[Collection entries]
━━━

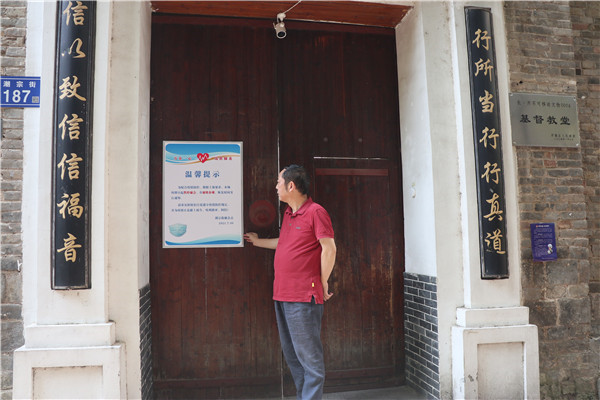 为确保基督教领域的“双暂停”防控工作落实到位,8月3日,长沙市基督教三自爱国运动委员会主席黄克刚牧师带领办公室工作人员深入到长沙市城北堂、北正街教堂、潮宗街聚会点进行暗访暗查,发现市区堂点大门紧闭,严格执行了“双暂停”要求,黄牧师在堂点门外详细查看了宗教场所暂停开放公告张贴和疫情防控知识的宣传落实情况。
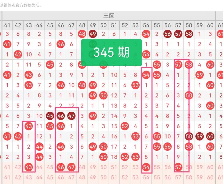 上期第三区间开奖4个号码,本期重点补充奇数。43是41-45段的奇数,作为区间起始段的关键号码,能填补上期41-45段的出号空白,为区间出号奠定基础;46是46-50段的偶数,上期该段有50一枚号码,46的加入可丰富该段的数值选择,同时与43形成奇偶搭配;47是46-50段的奇数,进一步强化奇数补充,与46、50形成数值梯度;54是51-55段的偶数,上期该段有52、53两枚号码,54作为相邻数值,能衔接上期出号趋势;57是56-60段的奇数,填补该段上期的出号空缺,完善上期出号集中的问题。
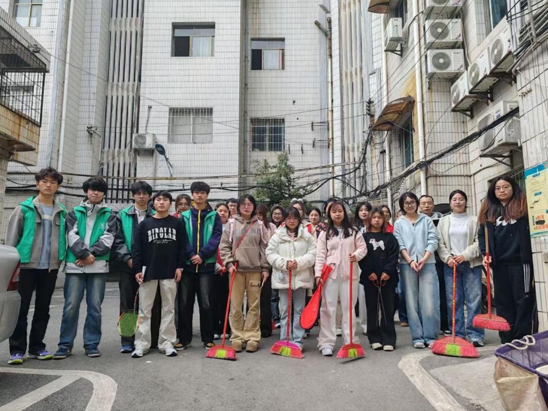 活动当天,商学院学子们身着志愿服装,手持扫帚、夹子、抹布等工具,分组开展社区环境整治工作。在社区街道,大家重点清理路面垃圾、卫生死角及绿化带内的杂物,不放过任何一处细微污渍;在居民楼道,同学们耐心擦拭扶手、清除墙面小广告,规整散落的物品,努力为居民营造干净、整洁、有序的居住环境。
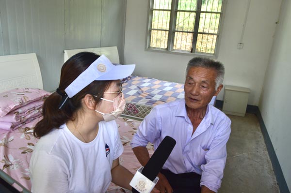 (图为团队成员采访康复中心现负责人 王厚琴 周越 摄)
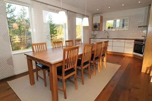 Opholdsstue med køkkenafdeling. TV, brændeovn (brænde indgår ikke), vaskemaskine, tørretumbler, tørreskab, skotører, 1 højstol, 1 barneseng, rum til skiudstyr, udtag til motorvarmer til bilen forefindes. Kræver specielt stik i bilen.
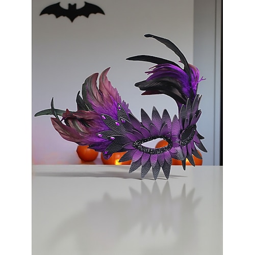 Maschera da donna in piume con motivo a piume colorate, elegante accessorio per costumi di Halloween e cosplay
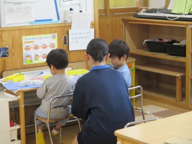緊張しながらも子供たちのお世話に取り組んでいます。
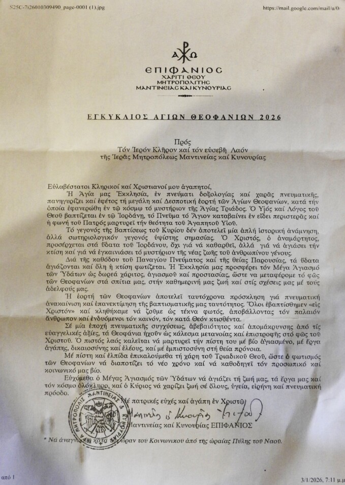 Ανάγνωση από τον π. Ιωάννη, της Εγκυκλίου των Αγίων Θεοφανίων του Σεβασμιότατου της Ι.Μ. Μαντινείας και Κυνουρίας κ.κ. Επιφανίου.
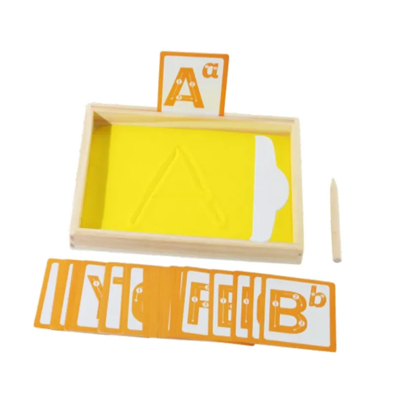 شن ها روی صفحه ی پایه ریخته شده و با کمک خط کشی که درون بسته بندی است شن ها را صاف کنید و یکی از کارت ها را در قسمت مخصوص قرار دهید و املای حرف الفبا و کلمات را با کمک قلم چوبی درون بسته بندی روی شن ها تمرین کنید. لمس شنها و کشیدن حروف بر روی شن کمک می کند تا مهارتهای حرکتی ظریف دستان کودک تقویت شود که در یادگیری آنها بسیار تاثیر گذار است. اگر کودک کلاس اولی دارید تخته شنی برای دست ورزی و یادگیری لوحه ها بسیار کمک می کند قبل از اینکه کودک دلبندتان شروع به نوشتن لوحه ها و نشانه ها کند، از او بخواهید بر روی شن ها دست ورزی را انجام بدهد تا بتواند بطور صحیح جهت های نوشتن نشانه ها را انجام بدهد.
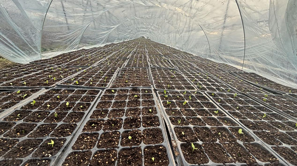 眼下,正是蔬菜育苗的好时节,近日,在内江市市中区永安镇下元村温室大棚里,工作人员正忙着漂盘、搬运穴盘、装基质土、浇水、点种等,各个环节有条不紊地进行着。一盘盘育苗盘整齐排列,只待种子破土而出。而另一边的早熟黄瓜苗已茁壮出苗,绿意盎然、长势喜人,为新一年的农业生产播下了新的丰收希望。
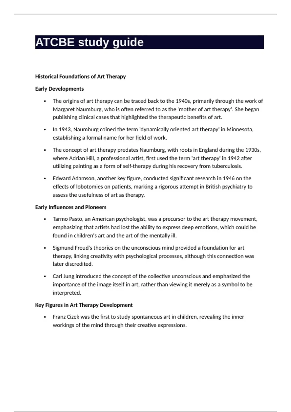 Margaret Naumburg: Defined art therapy as a distinct field in 1940, integrating Freudian
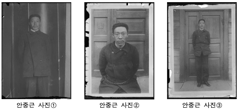 첫 번째 사진은 1909년 10월 26일 러시아 당국에 체포된 직후, 동청철도 헌병관리국 조사실에서 촬영된 것으로 추정된다. 포박되지 않은 채 당당히 서 있는 모습이 인상적이다.
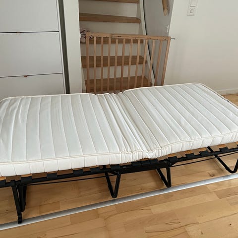 Kommer med madras og beskyttelsesovertræk som vist på billederne. Velegnet som ekstra soveplads i gæsteværelse eller stue.
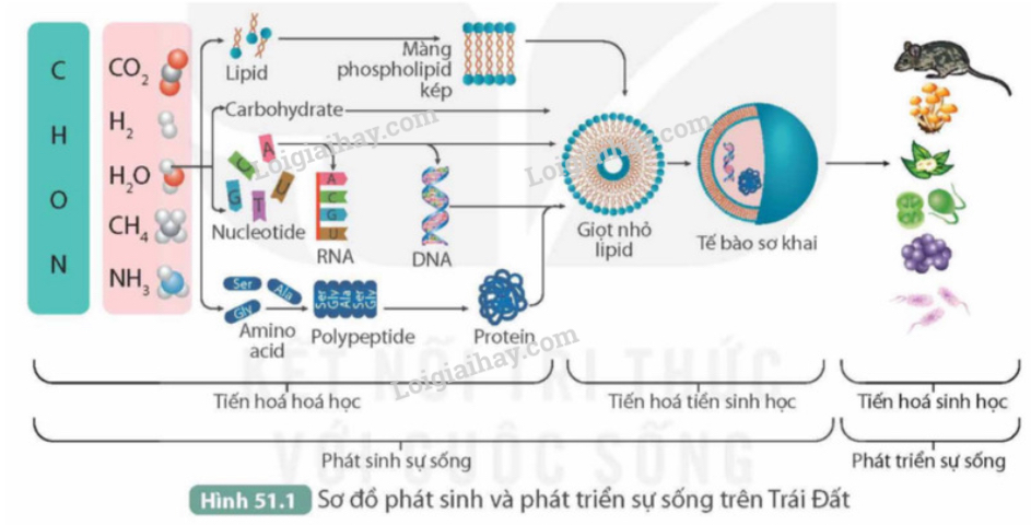 1. Quá trình phát sinh và phát triển sự sống trên Trái Đất gồm 3 giai đoạn:
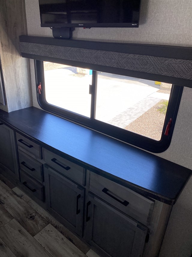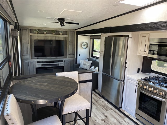 The rear living area of this fifth wheel will be the talk of the campground! It features a rear entertainment center with a 65" smart LED TV and a 48" fireplace, as well as opposing hide-a-bed sofa slides and theater seating with USB charging. The kitchen has everything you need to prepare your best meals including a 24" oven with the four burner range and booth seating with two chairs on the other side to enjoy your meals and play card games. Two can get ready at once in the full bathroom with the dual sink vanity and rinse the sand out of your hair with the 48" x 30" residential shower with a seat. The front private bedroom has a king bed slide across from a dresser with a built-in hamper and a front wardrobe prepped to add an optional washer and dryer. There is even an outside griddle to cook some pancakes for a sunrise breakfast!
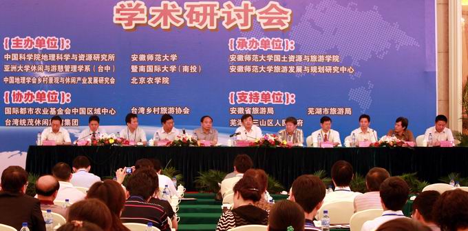 和安徽师范大学旅游发展与规划研究中心承办的2011年海峡两岸都市农业与乡村休闲产业学术研讨会于8月14日至15日在我校举行。来自台湾地区暨南国际大学、亚洲大学、东海大学、辅仁大学、台湾师范大学、景文科技大学、树德科技大学及有关学术团体、行业协会、企业和内地有关大专院校、科研院所、行业协会、出版社及企业等42家单位共计140余位代表参加了会议。
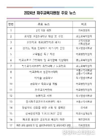 선정될 주요 뉴스 후보로는 '2국 9과 개편을 통한 행정 효율성 강화', '경기도 최초의 통학버스 파프리카 운영으로 학생 교통 편의 증대', '특수교육지원센터 드림나래와 놀고잡고 프로그램을 통한 특수교육 지원 확대', '교권 보호를 위한 경기파주교권보호지원센터 개소', '폐교를 활용한 공유학교 운영으로 지역 자원의 효율적 활용' 등이 포함되어 있다. 이러한 성과들은 지역 사회와 교육 공동체에 의미 있는 변화를 가져왔으며, 앞으로도 파주 교육 발전의 초석이 될 것이다.
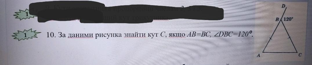Если ∡DBC = 120° тогда ∡ABC = 180°-120° = 60°, по этому ∡BAC = ∡BCA = (180°-60°)/2 = 60°
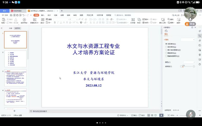 那金主任表示后续将根据校友咨询意见认真完善培养方案的修订,以此为契机进一步做好水文与水资源工程国家级一流本科专业建设、工程教育专业认证和新一轮本科教育教学审核评估工作。王现勋副院长代表学院对与会校友表示由衷感谢,并向校友们发出了诚挚邀请,期待在秋高气爽、桂花飘香的中秋时节能齐聚长大武汉校区,共话校友情,同筑资环梦。
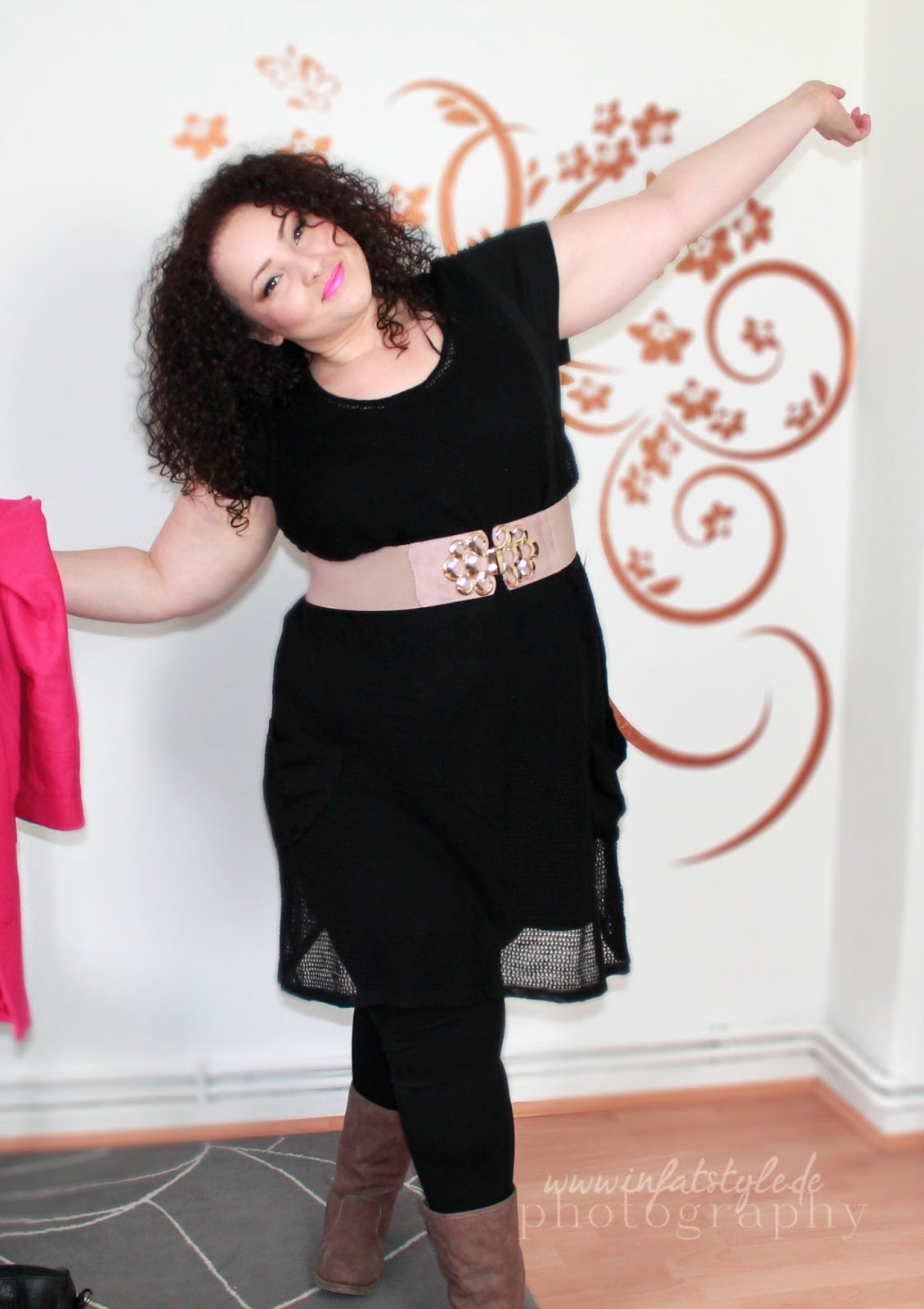 Damit das Signal ganz deutlich zu erkennen ist, habe ich alles mit Schwarz kombiniert. Ich trage hier eine schwarze Leggings, ein Basic Kleid, und ein Netz-Kleid welches ich an der Taille mit einem Beigen Gürtel halte. Leider weicht der Beige Ton sehr von meinen „beigen“ Stiefeln ab, aber es ist so kalt die müssen mit.
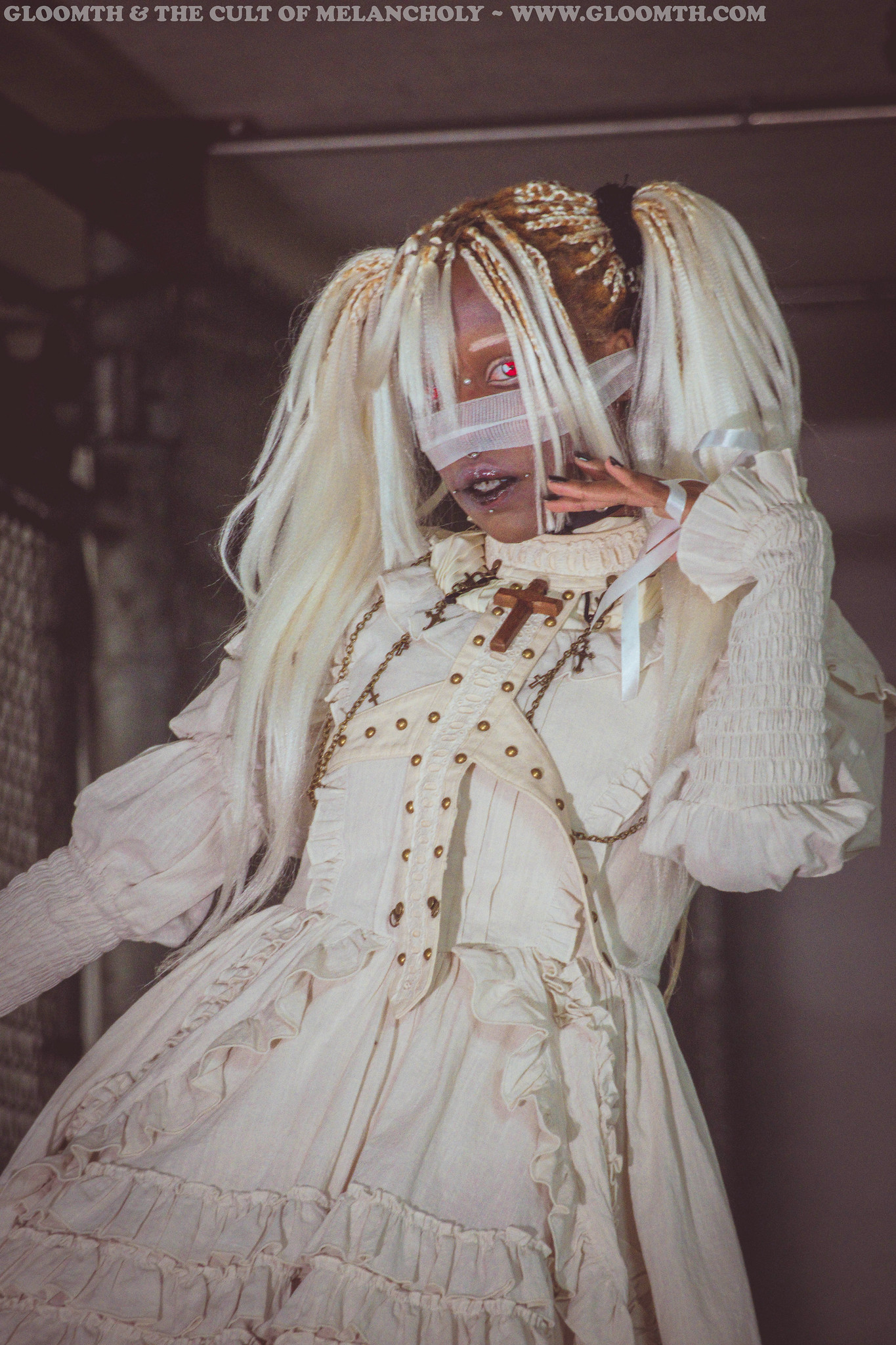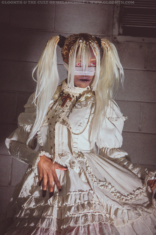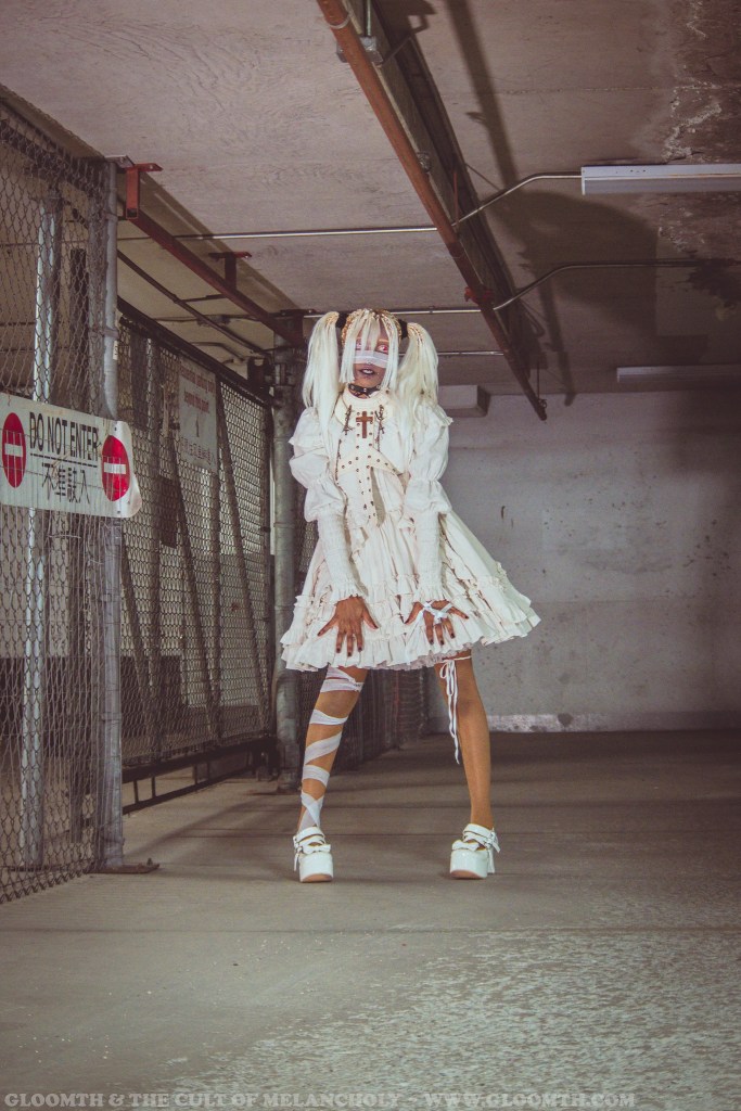 This fall I got to shoot this super creepy and dark look with our “Ossuary” dress and Dolly Momoiro! She styled this entire look and it’s just unbelievable! Part mummy part club kid, it’s just awesome.

━━━

The data above should be returned in full, exactly as written, apart from its images.

- _WRITTEN RESPONSE_:
 为确保基督教领域的“双暂停”防控工作落实到位,8月3日,长沙市基督教三自爱国运动委员会主席黄克刚牧师带领办公室工作人员深入到长沙市城北堂、北正街教堂、潮宗街聚会点进行暗访暗查,发现市区堂点大门紧闭,严格执行了“双暂停”要求,黄牧师在堂点门外详细查看了宗教场所暂停开放公告张贴和疫情防控知识的宣传落实情况。
 上期第三区间开奖4个号码,本期重点补充奇数。43是41-45段的奇数,作为区间起始段的关键号码,能填补上期41-45段的出号空白,为区间出号奠定基础;46是46-50段的偶数,上期该段有50一枚号码,46的加入可丰富该段的数值选择,同时与43形成奇偶搭配;47是46-50段的奇数,进一步强化奇数补充,与46、50形成数值梯度;54是51-55段的偶数,上期该段有52、53两枚号码,54作为相邻数值,能衔接上期出号趋势;57是56-60段的奇数,填补该段上期的出号空缺,完善上期出号集中的问题。
 活动当天,商学院学子们身着志愿服装,手持扫帚、夹子、抹布等工具,分组开展社区环境整治工作。在社区街道,大家重点清理路面垃圾、卫生死角及绿化带内的杂物,不放过任何一处细微污渍;在居民楼道,同学们耐心擦拭扶手、清除墙面小广告,规整散落的物品,努力为居民营造干净、整洁、有序的居住环境。
 (图为团队成员采访康复中心现负责人 王厚琴 周越 摄)
 Opholdsstue med køkkenafdeling. TV, brændeovn (brænde indgår ikke), vaskemaskine, tørretumbler, tørreskab, skotører, 1 højstol, 1 barneseng, rum til skiudstyr, udtag til motorvarmer til bilen forefindes. Kræver specielt stik i bilen.
 Maschera da donna in piume con motivo a piume colorate, elegante accessorio per costumi di Halloween e cosplay
緊張しながらも子供たちのお世話に取り組んでいます。
 Ανάγνωση από τον π. Ιωάννη, της Εγκυκλίου των Αγίων Θεοφανίων του Σεβασμιότατου της Ι.Μ. Μαντινείας και Κυνουρίας κ.κ. Επιφανίου.
 شن ها روی صفحه ی پایه ریخته شده و با کمک خط کشی که درون بسته بندی است شن ها را صاف کنید و یکی از کارت ها را در قسمت مخصوص قرار دهید و املای حرف الفبا و کلمات را با کمک قلم چوبی درون بسته بندی روی شن ها تمرین کنید. لمس شنها و کشیدن حروف بر روی شن کمک می کند تا مهارتهای حرکتی ظریف دستان کودک تقویت شود که در یادگیری آنها بسیار تاثیر گذار است. اگر کودک کلاس اولی دارید تخته شنی برای دست ورزی و یادگیری لوحه ها بسیار کمک می کند قبل از اینکه کودک دلبندتان شروع به نوشتن لوحه ها و نشانه ها کند، از او بخواهید بر روی شن ها دست ورزی را انجام بدهد تا بتواند بطور صحیح جهت های نوشتن نشانه ها را انجام بدهد.
 眼下,正是蔬菜育苗的好时节,近日,在内江市市中区永安镇下元村温室大棚里,工作人员正忙着漂盘、搬运穴盘、装基质土、浇水、点种等,各个环节有条不紊地进行着。一盘盘育苗盘整齐排列,只待种子破土而出。而另一边的早熟黄瓜苗已茁壮出苗,绿意盎然、长势喜人,为新一年的农业生产播下了新的丰收希望。
 Margaret Naumburg: Defined art therapy as a distinct field in 1940, integrating Freudian
 첫 번째 사진은 1909년 10월 26일 러시아 당국에 체포된 직후, 동청철도 헌병관리국 조사실에서 촬영된 것으로 추정된다. 포박되지 않은 채 당당히 서 있는 모습이 인상적이다.
 Kommer med madras og beskyttelsesovertræk som vist på billederne. Velegnet som ekstra soveplads i gæsteværelse eller stue.
 1. Quá trình phát sinh và phát triển sự sống trên Trái Đất gồm 3 giai đoạn:
 The rear living area of this fifth wheel will be the talk of the campground! It features a rear entertainment center with a 65" smart LED TV and a 48" fireplace, as well as opposing hide-a-bed sofa slides and theater seating with USB charging. The kitchen has everything you need to prepare your best meals including a 24" oven with the four burner range and booth seating with two chairs on the other side to enjoy your meals and play card games. Two can get ready at once in the full bathroom with the dual sink vanity and rinse the sand out of your hair with the 48" x 30" residential shower with a seat. The front private bedroom has a king bed slide across from a dresser with a built-in hamper and a front wardrobe prepped to add an optional washer and dryer. There is even an outside griddle to cook some pancakes for a sunrise breakfast!
 和安徽师范大学旅游发展与规划研究中心承办的2011年海峡两岸都市农业与乡村休闲产业学术研讨会于8月14日至15日在我校举行。来自台湾地区暨南国际大学、亚洲大学、东海大学、辅仁大学、台湾师范大学、景文科技大学、树德科技大学及有关学术团体、行业协会、企业和内地有关大专院校、科研院所、行业协会、出版社及企业等42家单位共计140余位代表参加了会议。
 선정될 주요 뉴스 후보로는 '2국 9과 개편을 통한 행정 효율성 강화', '경기도 최초의 통학버스 파프리카 운영으로 학생 교통 편의 증대', '특수교육지원센터 드림나래와 놀고잡고 프로그램을 통한 특수교육 지원 확대', '교권 보호를 위한 경기파주교권보호지원센터 개소', '폐교를 활용한 공유학교 운영으로 지역 자원의 효율적 활용' 등이 포함되어 있다. 이러한 성과들은 지역 사회와 교육 공동체에 의미 있는 변화를 가져왔으며, 앞으로도 파주 교육 발전의 초석이 될 것이다.
Если ∡DBC = 120° тогда ∡ABC = 180°-120° = 60°, по этому ∡BAC = ∡BCA = (180°-60°)/2 = 60°
 那金主任表示后续将根据校友咨询意见认真完善培养方案的修订,以此为契机进一步做好水文与水资源工程国家级一流本科专业建设、工程教育专业认证和新一轮本科教育教学审核评估工作。王现勋副院长代表学院对与会校友表示由衷感谢,并向校友们发出了诚挚邀请,期待在秋高气爽、桂花飘香的中秋时节能齐聚长大武汉校区,共话校友情,同筑资环梦。
 Damit das Signal ganz deutlich zu erkennen ist, habe ich alles mit Schwarz kombiniert. Ich trage hier eine schwarze Leggings, ein Basic Kleid, und ein Netz-Kleid welches ich an der Taille mit einem Beigen Gürtel halte. Leider weicht der Beige Ton sehr von meinen „beigen“ Stiefeln ab, aber es ist so kalt die müssen mit.
 This fall I got to shoot this super creepy and dark look with our “Ossuary” dress and Dolly Momoiro! She styled this entire look and it’s just unbelievable! Part mummy part club kid, it’s just awesome.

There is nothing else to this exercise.